- **Task to complete**
The task calls for the lines below from the line with "De foto hierboven" to the line with "The Christmas season", both ends included, copied exactly, without any pictures.

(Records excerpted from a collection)
☆ ☆ ☆ ☆

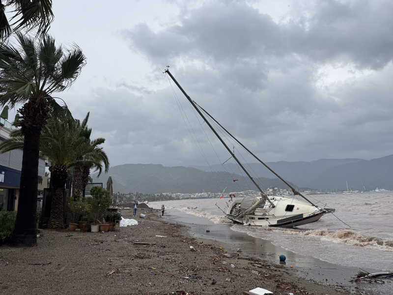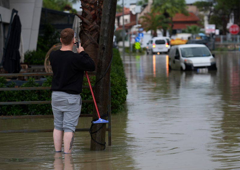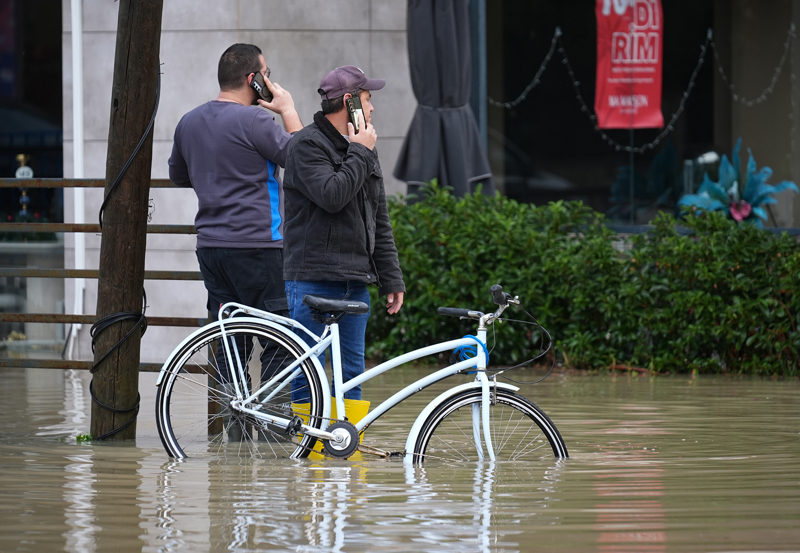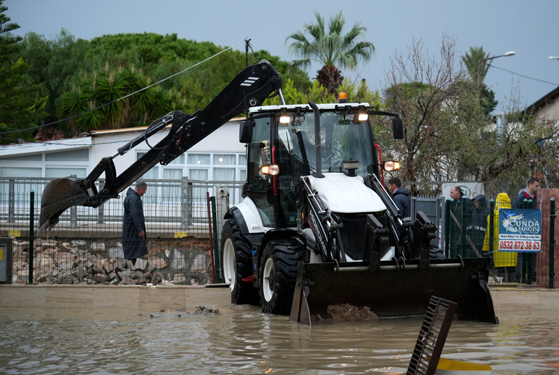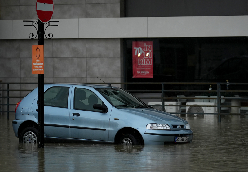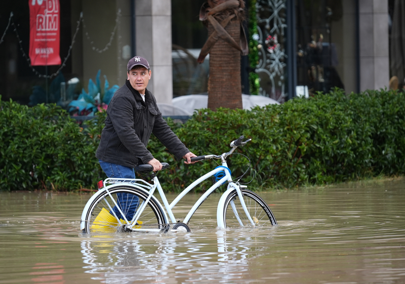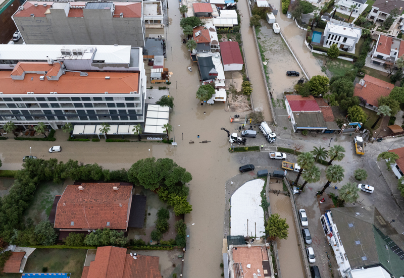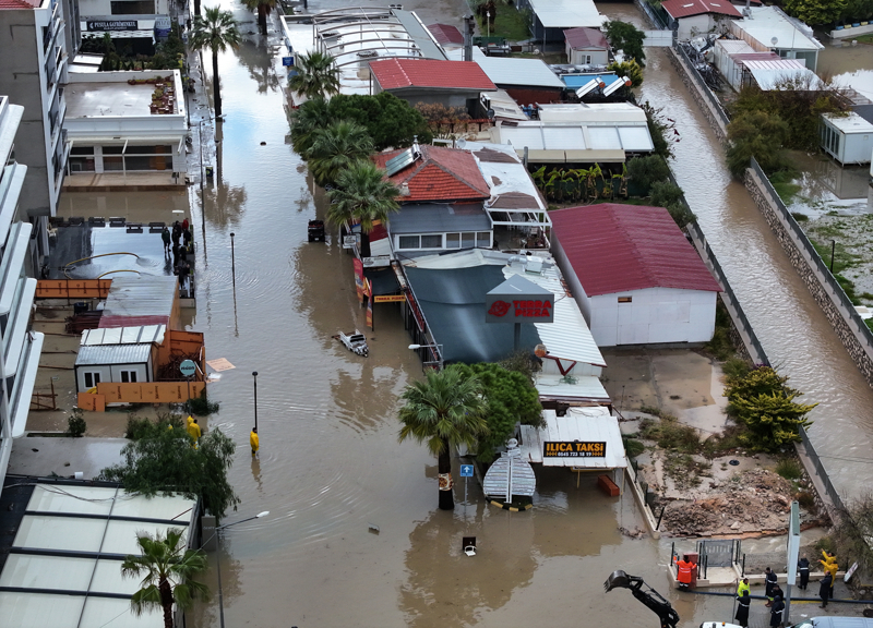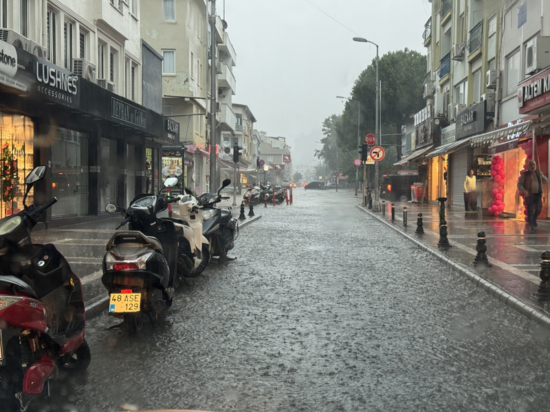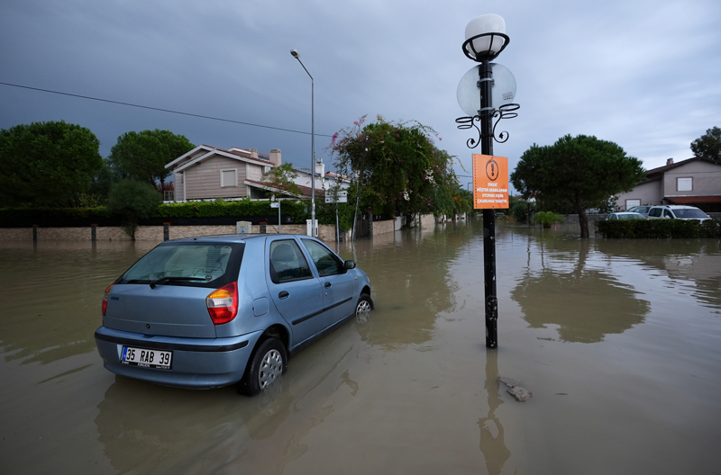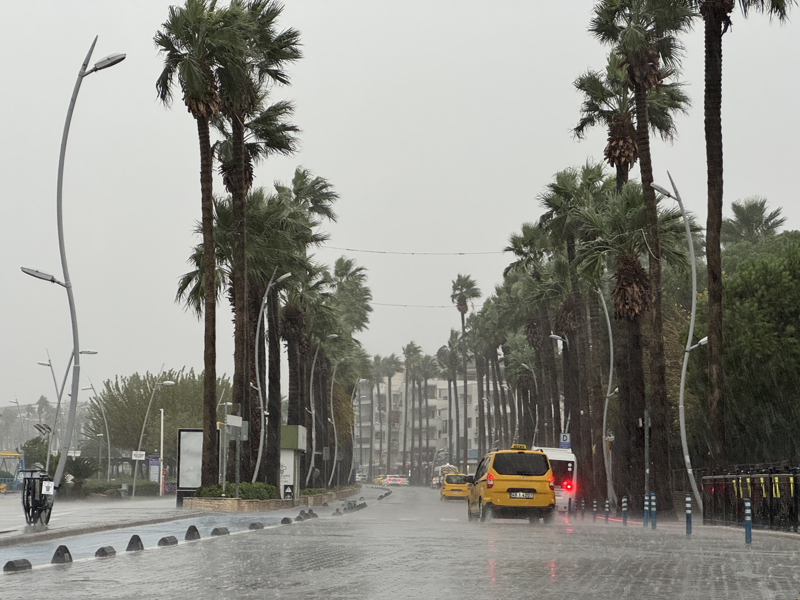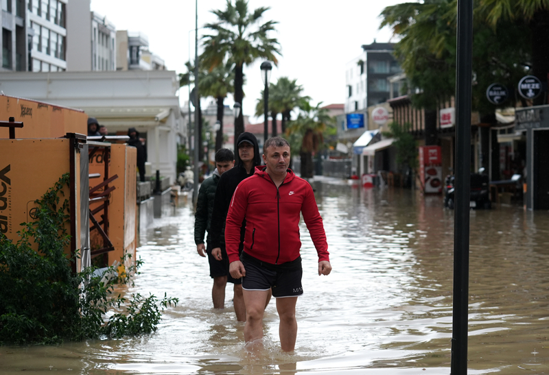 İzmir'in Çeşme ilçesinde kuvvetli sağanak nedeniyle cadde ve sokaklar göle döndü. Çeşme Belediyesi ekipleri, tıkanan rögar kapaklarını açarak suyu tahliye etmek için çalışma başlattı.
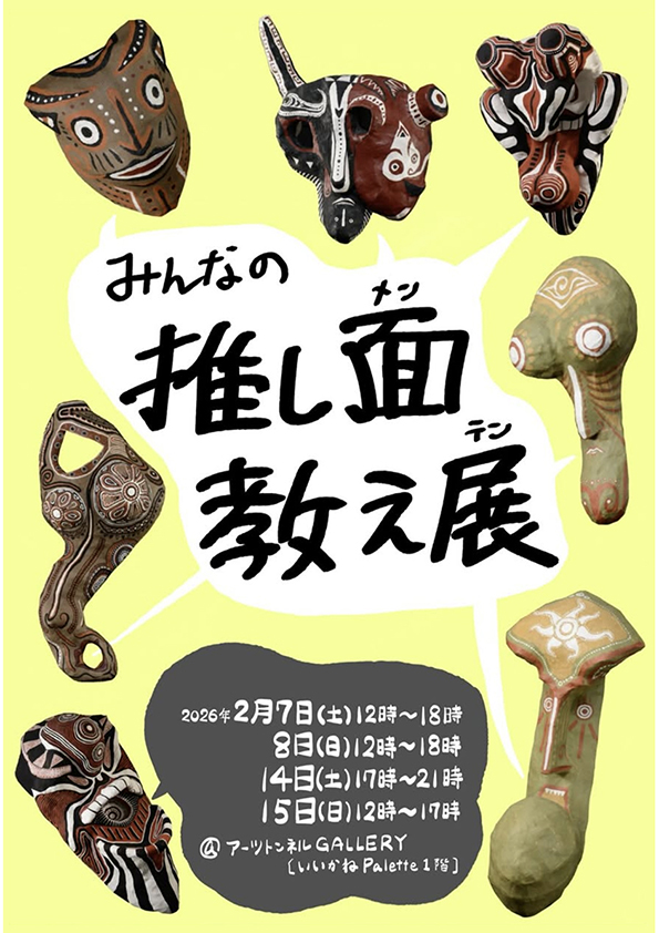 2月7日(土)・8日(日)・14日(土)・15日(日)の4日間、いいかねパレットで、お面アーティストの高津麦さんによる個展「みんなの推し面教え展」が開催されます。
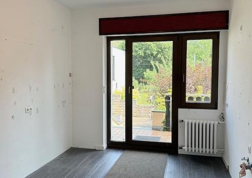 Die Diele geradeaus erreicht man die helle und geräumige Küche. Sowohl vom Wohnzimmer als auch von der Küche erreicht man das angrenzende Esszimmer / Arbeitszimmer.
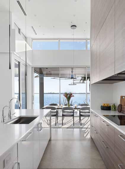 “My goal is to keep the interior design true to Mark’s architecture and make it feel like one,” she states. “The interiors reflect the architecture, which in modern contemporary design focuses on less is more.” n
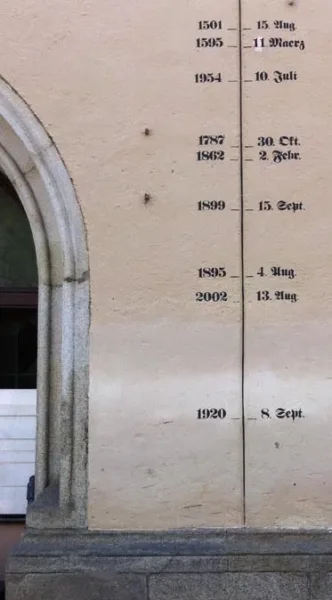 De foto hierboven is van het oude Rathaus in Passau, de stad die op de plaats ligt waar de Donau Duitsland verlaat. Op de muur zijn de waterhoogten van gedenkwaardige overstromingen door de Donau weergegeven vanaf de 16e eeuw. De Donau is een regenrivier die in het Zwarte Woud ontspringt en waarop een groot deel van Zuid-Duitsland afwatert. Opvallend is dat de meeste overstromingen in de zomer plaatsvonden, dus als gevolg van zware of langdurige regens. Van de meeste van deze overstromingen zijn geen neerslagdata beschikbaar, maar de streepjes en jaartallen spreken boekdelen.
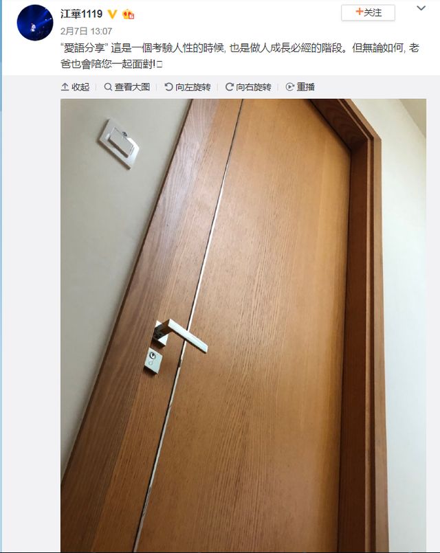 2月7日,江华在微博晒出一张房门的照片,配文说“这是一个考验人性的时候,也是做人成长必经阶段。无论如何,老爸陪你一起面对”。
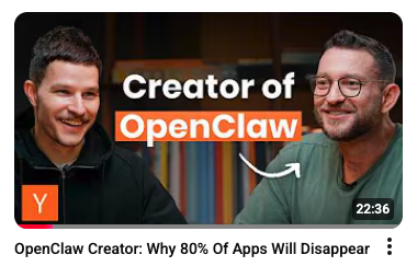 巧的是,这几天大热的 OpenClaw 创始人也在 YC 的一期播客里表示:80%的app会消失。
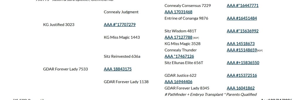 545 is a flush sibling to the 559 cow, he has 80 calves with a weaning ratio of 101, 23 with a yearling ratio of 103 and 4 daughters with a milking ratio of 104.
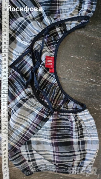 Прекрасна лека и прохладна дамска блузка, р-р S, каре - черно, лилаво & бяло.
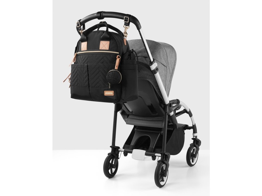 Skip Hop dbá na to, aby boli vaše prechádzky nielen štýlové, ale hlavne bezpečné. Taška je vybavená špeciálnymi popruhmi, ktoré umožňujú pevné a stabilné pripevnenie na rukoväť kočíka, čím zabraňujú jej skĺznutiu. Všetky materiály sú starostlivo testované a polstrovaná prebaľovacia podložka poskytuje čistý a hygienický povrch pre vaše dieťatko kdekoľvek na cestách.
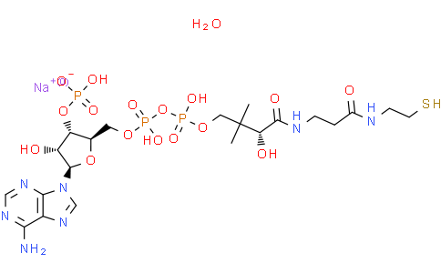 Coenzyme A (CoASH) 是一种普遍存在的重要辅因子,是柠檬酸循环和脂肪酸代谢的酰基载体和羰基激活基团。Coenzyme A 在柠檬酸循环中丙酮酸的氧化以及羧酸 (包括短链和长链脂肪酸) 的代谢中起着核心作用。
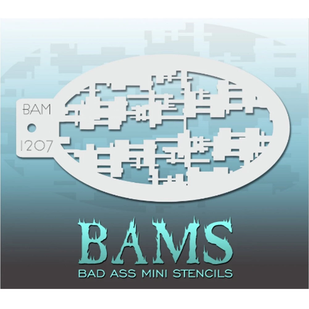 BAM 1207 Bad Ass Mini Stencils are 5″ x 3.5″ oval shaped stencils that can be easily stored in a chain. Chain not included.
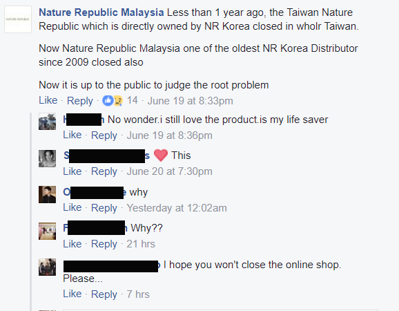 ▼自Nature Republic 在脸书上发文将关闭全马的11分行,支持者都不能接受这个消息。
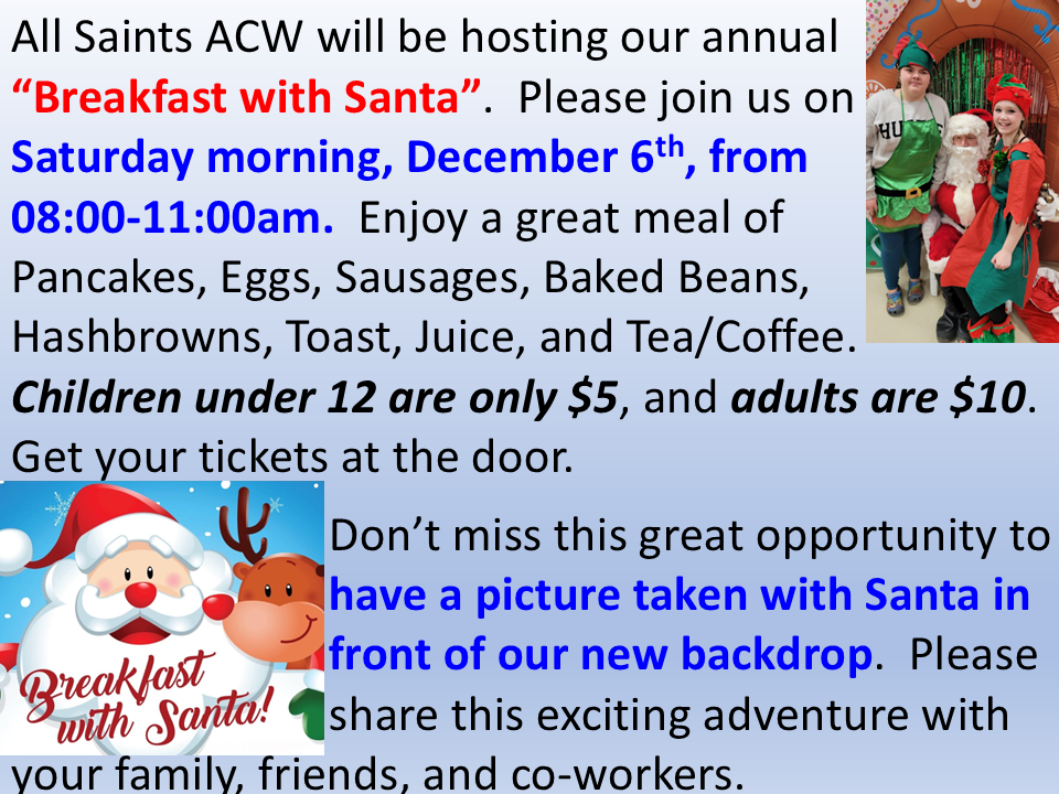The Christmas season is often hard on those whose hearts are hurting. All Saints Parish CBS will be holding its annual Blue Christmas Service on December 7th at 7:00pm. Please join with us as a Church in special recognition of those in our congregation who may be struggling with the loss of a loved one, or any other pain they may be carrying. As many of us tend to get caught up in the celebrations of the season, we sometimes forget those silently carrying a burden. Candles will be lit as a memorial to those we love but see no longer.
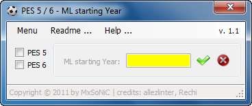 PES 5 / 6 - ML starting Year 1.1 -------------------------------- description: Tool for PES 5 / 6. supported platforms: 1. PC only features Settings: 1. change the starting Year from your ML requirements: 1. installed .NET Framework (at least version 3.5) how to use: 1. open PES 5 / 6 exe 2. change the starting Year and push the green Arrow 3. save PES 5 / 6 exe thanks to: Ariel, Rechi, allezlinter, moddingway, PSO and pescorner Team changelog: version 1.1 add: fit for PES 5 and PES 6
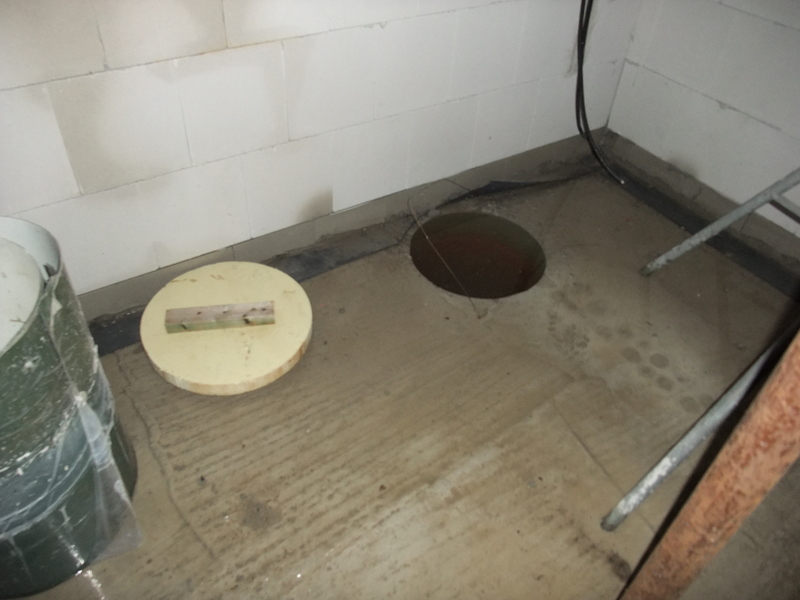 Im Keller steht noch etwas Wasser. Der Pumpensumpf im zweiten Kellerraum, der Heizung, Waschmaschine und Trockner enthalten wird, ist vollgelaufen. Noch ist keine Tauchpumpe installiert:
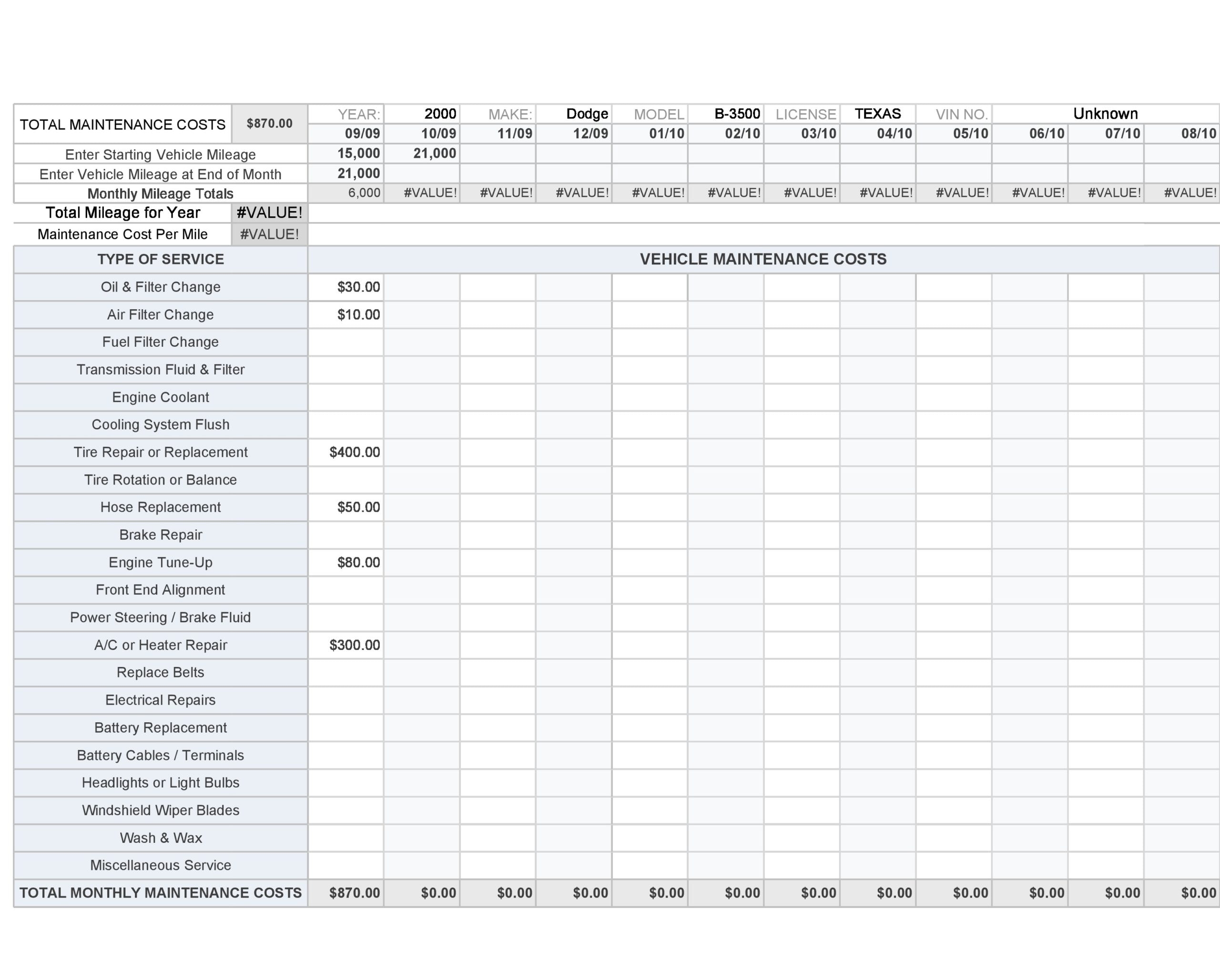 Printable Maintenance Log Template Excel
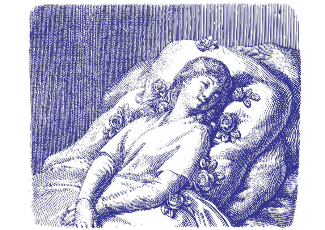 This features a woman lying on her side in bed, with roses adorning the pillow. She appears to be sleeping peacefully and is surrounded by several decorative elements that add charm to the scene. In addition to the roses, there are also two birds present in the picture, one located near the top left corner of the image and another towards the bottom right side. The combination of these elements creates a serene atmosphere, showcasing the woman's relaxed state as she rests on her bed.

☆ ☆ ☆ ☆

- **Solution to the problem**
 De foto hierboven is van het oude Rathaus in Passau, de stad die op de plaats ligt waar de Donau Duitsland verlaat. Op de muur zijn de waterhoogten van gedenkwaardige overstromingen door de Donau weergegeven vanaf de 16e eeuw. De Donau is een regenrivier die in het Zwarte Woud ontspringt en waarop een groot deel van Zuid-Duitsland afwatert. Opvallend is dat de meeste overstromingen in de zomer plaatsvonden, dus als gevolg van zware of langdurige regens. Van de meeste van deze overstromingen zijn geen neerslagdata beschikbaar, maar de streepjes en jaartallen spreken boekdelen.
 2月7日,江华在微博晒出一张房门的照片,配文说“这是一个考验人性的时候,也是做人成长必经阶段。无论如何,老爸陪你一起面对”。
 巧的是,这几天大热的 OpenClaw 创始人也在 YC 的一期播客里表示:80%的app会消失。
 545 is a flush sibling to the 559 cow, he has 80 calves with a weaning ratio of 101, 23 with a yearling ratio of 103 and 4 daughters with a milking ratio of 104.
 Прекрасна лека и прохладна дамска блузка, р-р S, каре - черно, лилаво & бяло.
 Skip Hop dbá na to, aby boli vaše prechádzky nielen štýlové, ale hlavne bezpečné. Taška je vybavená špeciálnymi popruhmi, ktoré umožňujú pevné a stabilné pripevnenie na rukoväť kočíka, čím zabraňujú jej skĺznutiu. Všetky materiály sú starostlivo testované a polstrovaná prebaľovacia podložka poskytuje čistý a hygienický povrch pre vaše dieťatko kdekoľvek na cestách.
 Coenzyme A (CoASH) 是一种普遍存在的重要辅因子,是柠檬酸循环和脂肪酸代谢的酰基载体和羰基激活基团。Coenzyme A 在柠檬酸循环中丙酮酸的氧化以及羧酸 (包括短链和长链脂肪酸) 的代谢中起着核心作用。
 BAM 1207 Bad Ass Mini Stencils are 5″ x 3.5″ oval shaped stencils that can be easily stored in a chain. Chain not included.
 ▼自Nature Republic 在脸书上发文将关闭全马的11分行,支持者都不能接受这个消息。
The Christmas season is often hard on those whose hearts are hurting. All Saints Parish CBS will be holding its annual Blue Christmas Service on December 7th at 7:00pm. Please join with us as a Church in special recognition of those in our congregation who may be struggling with the loss of a loved one, or any other pain they may be carrying. As many of us tend to get caught up in the celebrations of the season, we sometimes forget those silently carrying a burden. Candles will be lit as a memorial to those we love but see no longer.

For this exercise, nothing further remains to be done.